In a recent study of drug combinations, for instance, Melamed and her team found that a combination of fish oil and fenofibrate, a medication used to treat abnormal blood lipid levels, could affect a person’s odds of getting cancer.
“They’re not the most common drugs, and they would have never been tested together before,” she says. “So, the only way to discover something like that is by looking at huge datasets and seeing the association between people who take these drugs and whether or not they get cancer down the line.”
Melamed’s path to becoming a computational biologist — someone who uses data analysis, mathematical modeling and computational simulations to understand biological systems and relationships — started with a bachelor’s degree in computer science from Brown University. A brief stint as a software engineer proved unfulfilling, however, so she joined an immunology lab as a data analyst.
“A lot of people who get a computer science degree go on to do software engineering and work at companies like Facebook or Google, and I was just never really interested in that,” says Melamed, who wanted to make a more “positive societal impact with my work” through public health.
She began to notice “more and more biology data being generated” and realized there was a demand for people who had the computational background to work with that data.

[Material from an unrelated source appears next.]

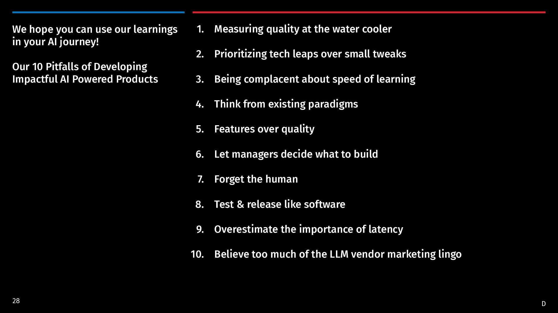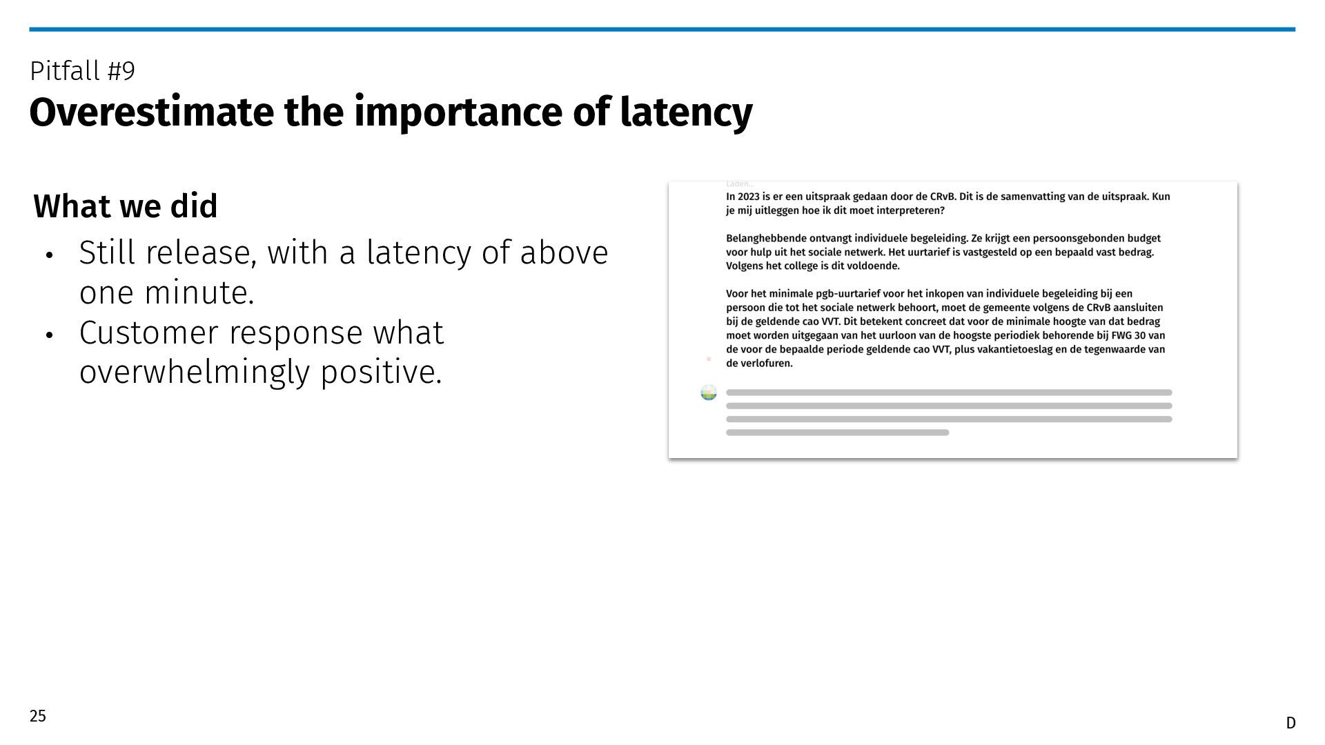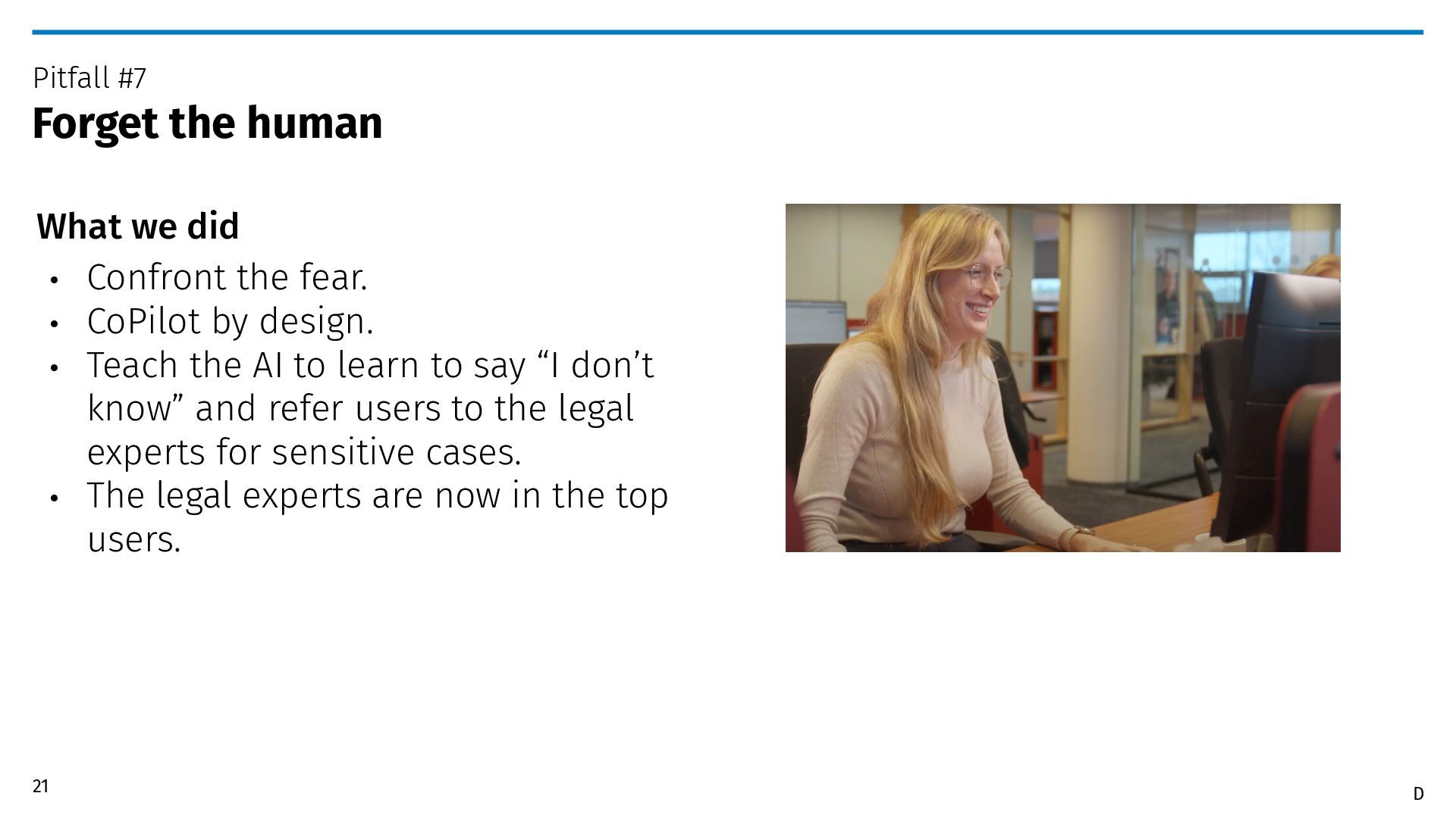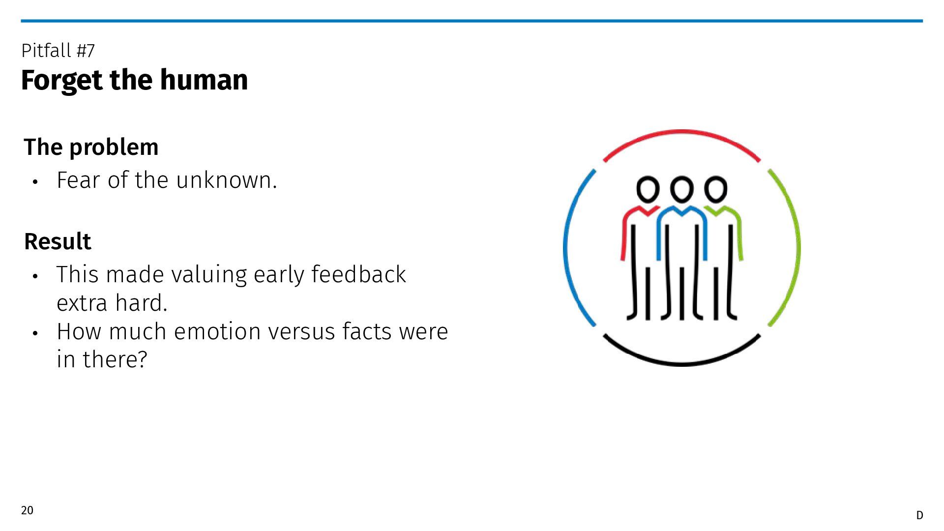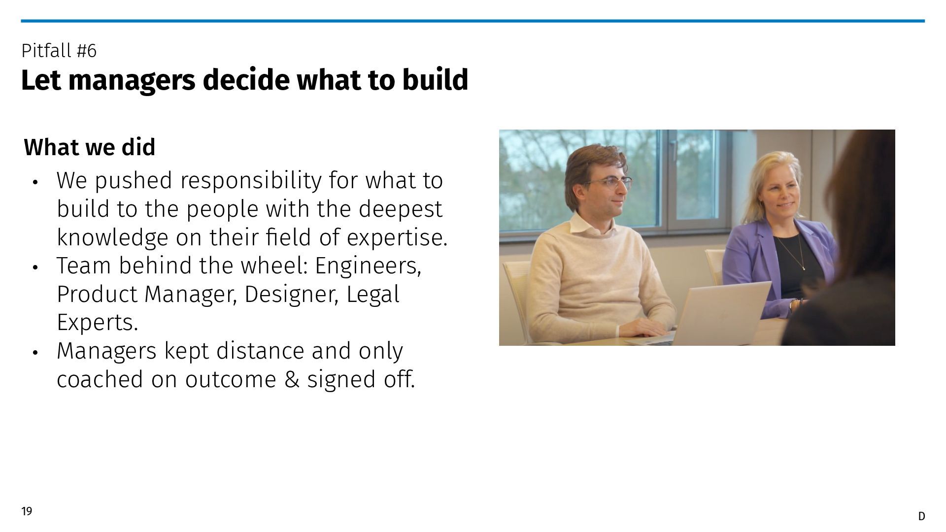 we did • We pushed responsibility for what to build to the people with the deepest knowledge on their field of expertise. • Team behind the wheel: Engineers, Product Manager, Designer, Legal Experts. • Managers kept distance and only coached on outcome & signed off. D

So, she got a Ph.D. in biomedical informatics from Columbia University, where she worked on data from the Cancer Genome Atlas, a landmark program that analyzed thousands of samples from 33 types of cancer.
“It used to be that one person, maybe an M.D. at a big medical center, would gather data from their patients, and only they could use it. But now there’s a big effort to make as much data as possible and let everyone use it, which creates so much more possibility,” she says.
After a postdoc in biomedical data science at the University of Chicago, Melamed joined the Kennedy College in 2020. She teaches courses in cancer genomics and data science.
“When a lot of people think of biology, they’re like, ‘OK, what can I do with that? I could be a biology teacher or a doctor.’ And they don’t know about all this other stuff,” she says. “But there are so many companies in the Boston area doing this work and looking for computational biologists. It’s a good field for an undergraduate to pursue.